Neste sentido, Bruner (1986) relata estudos que mostram que macacos criados isoladamente, aos quais são dadas oportunidades de brincar vinte minutos diários com outros macacos, não são prejudicados em sua capacidade intelectual e em sua sociabilidade, diferentemente de outros animais completamente isolados. Almy, em 1967, já afirmava que havia evidências substanciais de que tanto crianças quanto animais privados de oportunidades para brincar, apresentam dificuldades para a aprendizagem, quando comparados àqueles que têm liberdade para brincar e explorar.

Segundo Limongi (2001, p. 196), “[...] durante o período sensório-motor, a criança construirá os conceitos práticos de tempo, espaço, causa, classificação e seriação”. Finnie (1980), neste mesmo sentido, afirma que é por meio da manipulação do seu próprio corpo e dos objetos que a cercam desde o nascimento que uma criança normal aprende como o mundo funciona e como pode agir sobre ele. Aprende, assim, as diferentes texturas, pesos, tamanhos, cores, a forma de manipular cada objeto, a posição em que se encontram ou são colocados (em cima, embaixo, dos lados, dentro ou fora), aprende a calcular distâncias e tem a oportunidade de experimentar diferentes posições de seu próprio corpo em relação ao espaço.

No caso da criança com paralisia cerebral, segundo Peres (2004), a dificuldade em se movimentar e em realizar a exploração tal como a criança sem deficiência pode dificultar esse tipo de aprendizado mencionado por Finnie (1980), assim como dificulta “[...] o desenvolvimento de sua percepção corporal e o entendimento de sua ação no mundo, dado que os conceitos necessários para essa compreensão estão intrinsecamente ligados à experiência motora” (PERES, 2004, p. 40).

Lorens (1974) discute, nesse sentido, que nas crianças com seqüelas de paralisia cerebral podem ser esperadas alterações em muitas áreas do desenvolvimento. Essas alterações, somadas a falta de oportunidades adequadas, podem afetar a habilidade posterior da criança para desenvolver conceitualização e pensamento abstrato, para estabelecer relações adaptativas complexas, para ler, escrever e compreender conceitos numéricos. Da mesma forma, sua habilidade para o planejamento motor, desenvolvimento da percepção de forma e espaço, equilíbrio e esquema corporal podem estar prejudicados.

Segundo Penteado, Seabra e Bicudo-Pereira (1996), a redução ou a inexistência do brincar nos primeiros anos de vida da criança pode causar alterações no desenvolvimento infantil, tais como atraso no desenvolvimento neuropsicomotor, na fala e na linguagem.

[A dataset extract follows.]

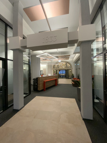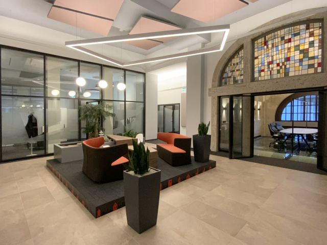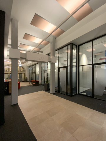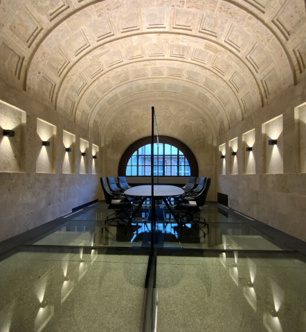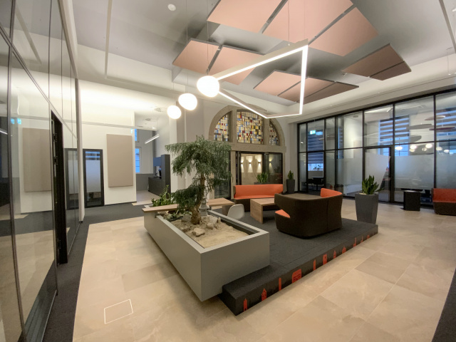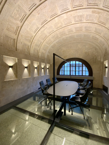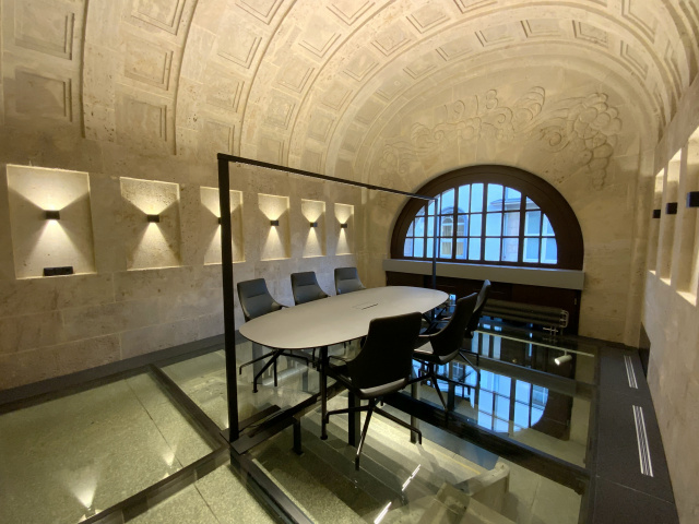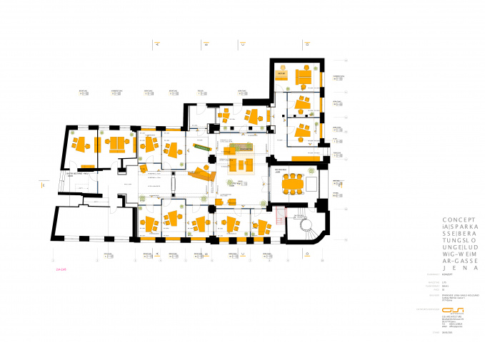 Das Hauptgebäude der Sparkasse Jena befindet sich in der historischen Stadtmitte von Jena. Das Gebäude wurde 1913 errichtet. Das Erdgeschoss beherbergte viele Jahrzehnte die historische Kassenhalle die über ein sehr elegantes Portal an der Ludwig-Weimar-Gasse erschlossen wurde. Dieser Bereich wurde in den 90er Jahren des vergangenen Jahrhunderts stark überformt und der Hallencharakter wurde damit völlig aufgehoben. Die Sparkasse beabsichtigte die ehemalige Kassenhalle im neuen Kontext als Beratungszone wieder zu beleben. Entwurfsziel war zehn attraktive und zeitgemäsze Kundenberaterplätze, einen Vorbereitungsraum und einen Meetingbereich zu schaffen. Darüber hinaus war der Wunsch nach einer Empfangszone und der Möglichkeit zur Nutzung für Veranstaltungen im kleinen Rahmen entwurfsbestimmend. Durch die sich in den letzten Jahrzehnten neu etablierte Zugangssituation über das City Carree war der traditionelle Haupteingang obsolet. Die Qualitäten des Raumes waren offensichtlich und so entschieden wir uns mit der Sparkasse diesen Raum zu adaptieren und verwandelten ihn in einen Meetingraum. Durch den Glasboden kann heute noch der historische Eingangsbereich nachvollzogen werden, der neu entstandene Raum unter der Beratungszone wird künftig als Vitrine in Richtung Ludwig-Weimar-Gasse genutzt. Durch den Einsatz von hochschalldämmenden Glaswänden wurden die Beraterräume von der öffentlichen Fläche entkoppelt, dabei wurden die historischen Proportionen wieder belebt und sichtbar gemacht. Im Bereich der ehemaligen Vorhalle wurde ein öffentlicher Bereich geschaffen, der sich dem Thema Warten, Aufenthalt und Veranstaltung widmet. Den Abschluss dieses Areals definiert eine Pflanzanlage mit Zengarten sowie ein Flügel. Dieser zentrale Punkt wurde als Podest abgebildet und organisiert die Kundenströme zwischen Beratung und Schlieszfachanlage.

A despeito de tais conhecimentos, a criança com deficiência encontra-se freqüentemente privada de algumas experiências lúdicas. Além das limitações específicas decorrentes de sua deficiência, que podem variar dependendo do tipo de comprometimento dela decorrente, outras barreiras podem ser impostas às brincadeiras desta criança, tais como as barreiras ambientais (falta de brinquedos adaptados, dificuldades de acesso aos parques, falta de tempo destinado ao brincar), as barreiras sociais (preconceitos, atitudes discriminadoras e valores culturais) e aquelas impostas por seus cuidadores (superproteção, descrença nas capacidades ou desconhecimento das necessidades da criança). Em adição, as crianças com deficiência costumam ter poucas

oportunidades para brincar com crianças sem deficiência e possuem grande parte do seu tempo destinado a inúmeros tipos de tratamento, passando grandes períodos em atividades estruturadas que restringem a sua liberdade e a sua participação nos processos de tomada de decisão (BLANCHE, 2002; FERLAND, 2006; MISSIUNA; POLLOCK, 1991).

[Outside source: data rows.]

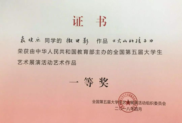 獲得第五屆全國大學生藝術展演活動藝術作品類一等獎
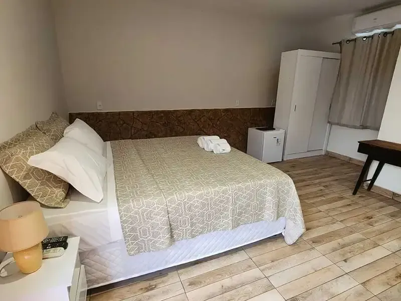 Além disso, o quarto conta com comodidades modernas, incluindo TV de tela plana, Wi-Fi gratuito e um banheiro privativo bem equipado. A decoração sutil e os detalhes cuidadosamente escolhidos refletem a atmosfera charmosa da Casa Imperial Hotel Pousada.
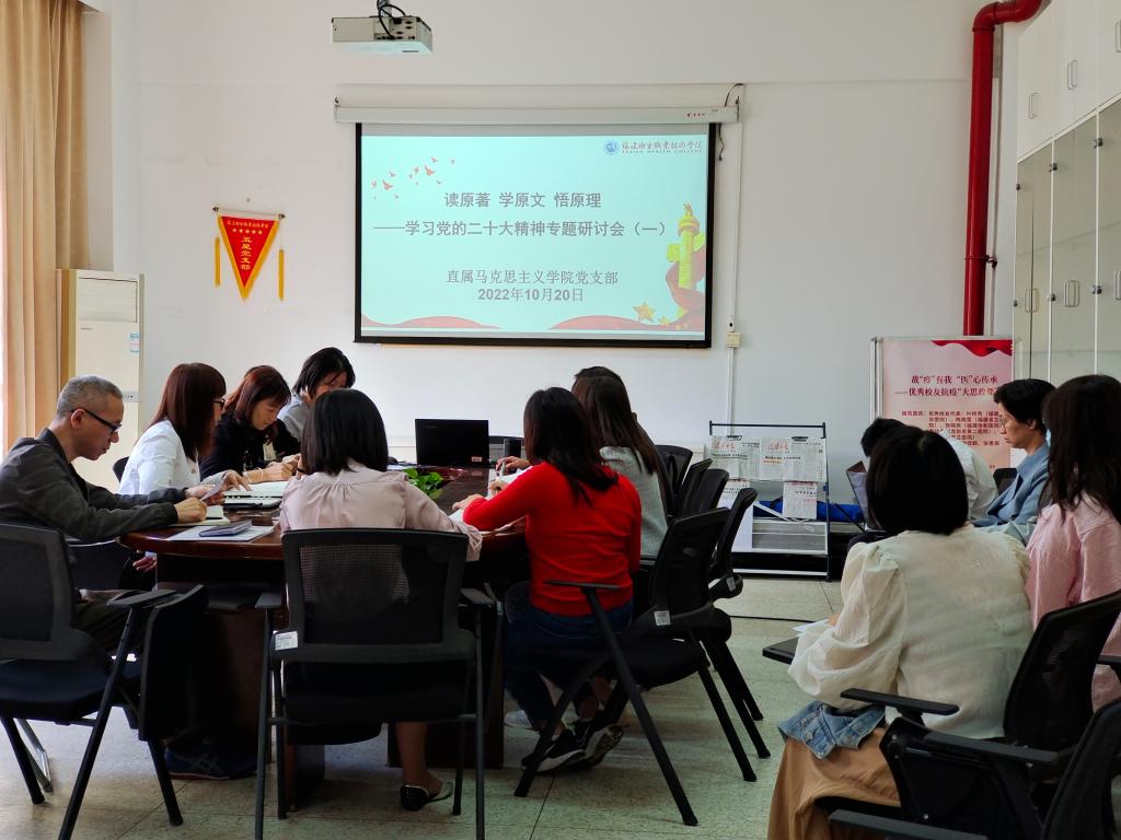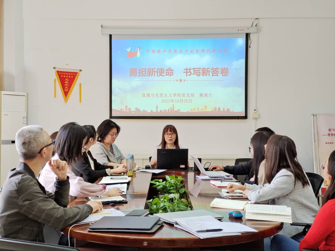 为学习宣传和研究阐释党的二十大精神,用习近平新时代中国特色社会主义思想凝心铸魂,引领新时代青年学生踔厉奋发、勇毅前行,2022年10月20日,直属马克思主义学院党支部在会议室107开展党的二十大报告专题研讨会,活动由党支部书记熊美兰主持。
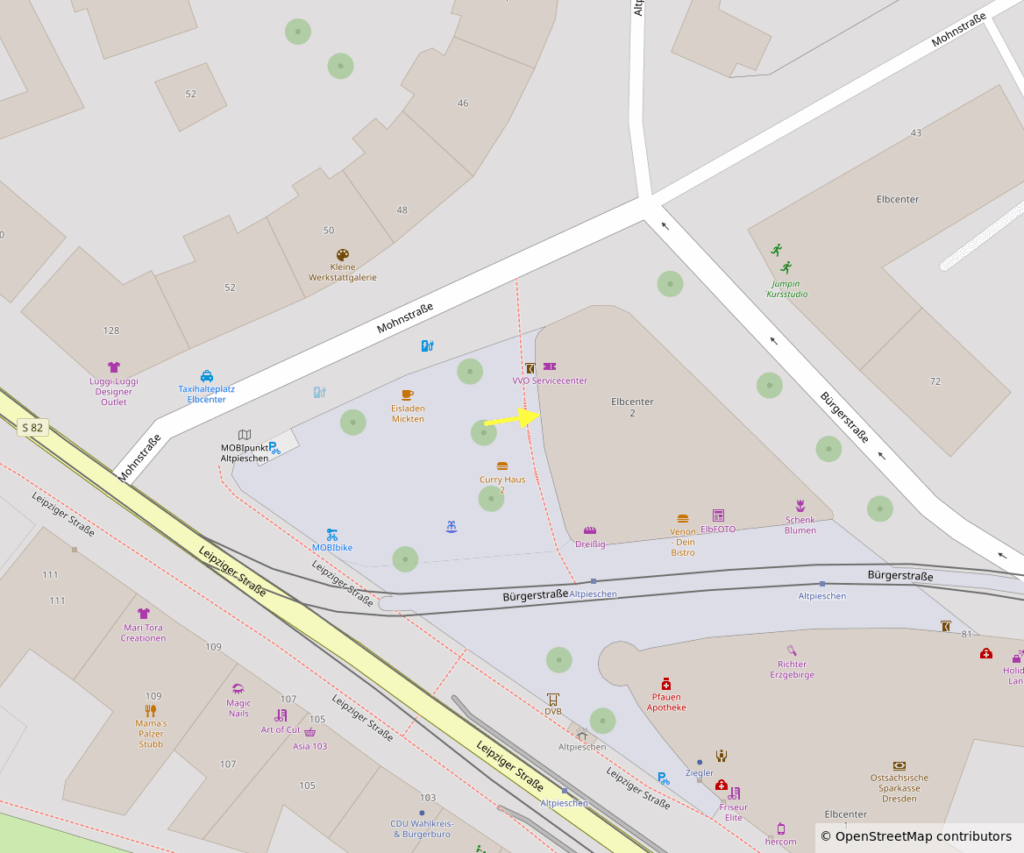 Die Praxis befindet sich an der Straßenbahnstation „Altpieschen“ im 1.OG im Elbcenter 2.
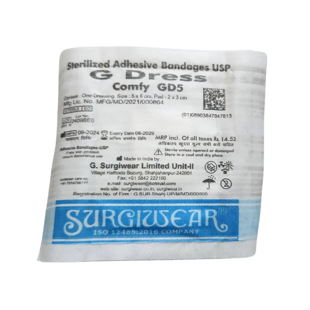 Surgiwear G-Dress Comfy 5 Bandage G-Dress is a ready-to-use wound dressing that has been sterilized and has a non-stick wound pad. G-Dress Comfy 5 is manufac
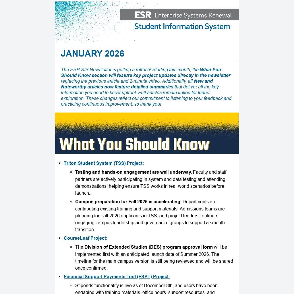 Beginning in Fall Quarter 2025, the TSS Project hosted a series of live demonstrations to introduce key features of the new student information system and help ease campus concerns ahead of its Summer 2026 launch. Four well-attended sessions showcased student experience tools, new grading functionality, and DES–specific scheduling processes, while allowing participants to ask questions in real time. These demonstrations were made possible through collaboration across project teams and subject matter experts, with recordings and resources available and additional demonstrations planned for Winter and Spring 2026.

Para Blanche (2002), embora as incapacidades múltiplas da criança com seqüelas de paralisia cerebral possam limitar suas atividades lúdicas, escolares e de autocuidado, as limitações impostas pelas pessoas e pelo ambiente costumam ser mais restritivas que a própria deficiência da criança. Jurdi (2001) também afirma que as atividades lúdicas aparecem alteradas ou inexistentes para a criança com deficiência, sendo considerada como causa para este fenômeno a falta de expectativas positivas por parte de sua família acerca de seu futuro, o que pode levar à dificuldade em propiciar-lhe trocas e relações saudáveis que auxiliem o seu desenvolvimento.

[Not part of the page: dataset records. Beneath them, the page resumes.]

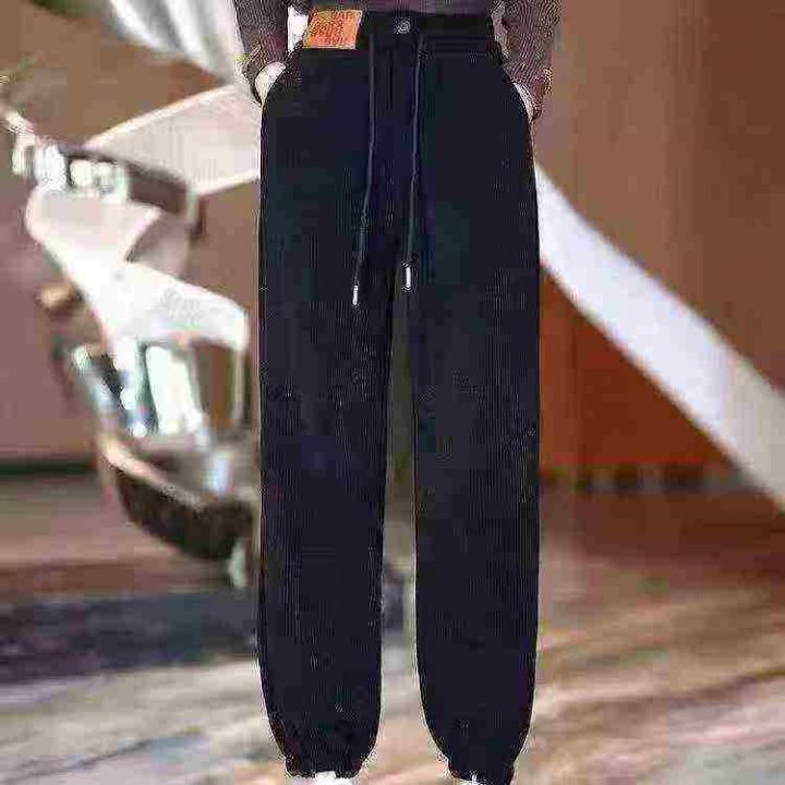 薄款灯芯绒束脚裤,竖条纹理细腻有质感,柔软垂顺不扎...
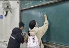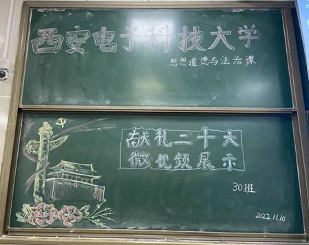 整个微视频展示课从组织、主持、设计、评委、板报、摄影等全部由学生们承担。因为课程是在上午34节进行,负责黑板报的夏志颖同学一下课就奔向该教室,另一位负责写字的马蕾同学连书包都没顾上放下就拿起粉笔,眼看时间不多了,另三位女生也奔到讲台一起帮忙。负责拍摄的杨墨墨同学迅速拍下这些动人精彩瞬间,课代表胡海洲同学随后组建团队创作出德法30班微视频展示课的微视频作品。
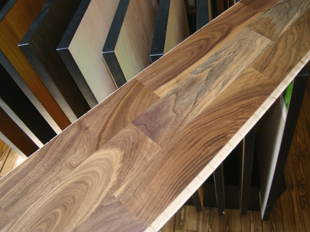 - Лицевой слой покрытия делается из дорогих пород древесины. Обычно это тонкая ламель толщиной 1-4 мм. На заводе эта часть доски подвергается разным видам обработки: тонировке колеровочными лаками, пропитке маслами, брашированию. Для защиты тонкой ламели, продления срока службы изделия и увеличения его износостойкости в заводских условиях выполняется многослойное лаковое покрытие.

Alguns autores alertam para o fato de que a escassez de oportunidades para brincar pode interferir de forma negativa no desenvolvimento da criança com deficiência, podendo gerar inúmeras incapacidades motoras, sociais, emocionais e cognitivas secundárias, tais como: comprometimento na capacidade de adaptação; diminuição da motivação, da imaginação e da criatividade; aumento da dependência de outras pessoas; pouca vivência do sentimento de domínio sobre o ambiente e sobre as situações; redução na autoconfiança e na auto-estima; pobre desenvolvimento de habilidades sociais; comprometimento da coordenação motora; atraso no desenvolvimento de brincadeiras simbólicas; alterações no desenvolvimento perceptivo, cognitivo e lingüístico (BLANCHE, 2002; FERLAND, 2006; MISSIUNA; POLLOCK, 1991; PENTEADO; SEABRA; BICUDO-PEREIRA, 1996). Tais incapacidades secundárias à privação do brincar limitam ainda mais as experiências lúdicas da criança, além de terem um impacto em

seu desenvolvimento e na sua atuação posterior nos ambientes escolares, comunitários e de trabalho (MISSIUNA; POLLOCK, 1991).

Muitos estudos vêm relacionando a atividade lúdica e o desenvolvimento de crianças com diferentes tipos de deficiência. Visto que a presente pesquisa enfoca crianças com seqüelas de paralisia cerebral, serão mencionados a seguir alguns estudos que investigaram a presença ou a importância da atividade lúdica no cotidiano ou no desenvolvimento da criança com este tipo de deficiência.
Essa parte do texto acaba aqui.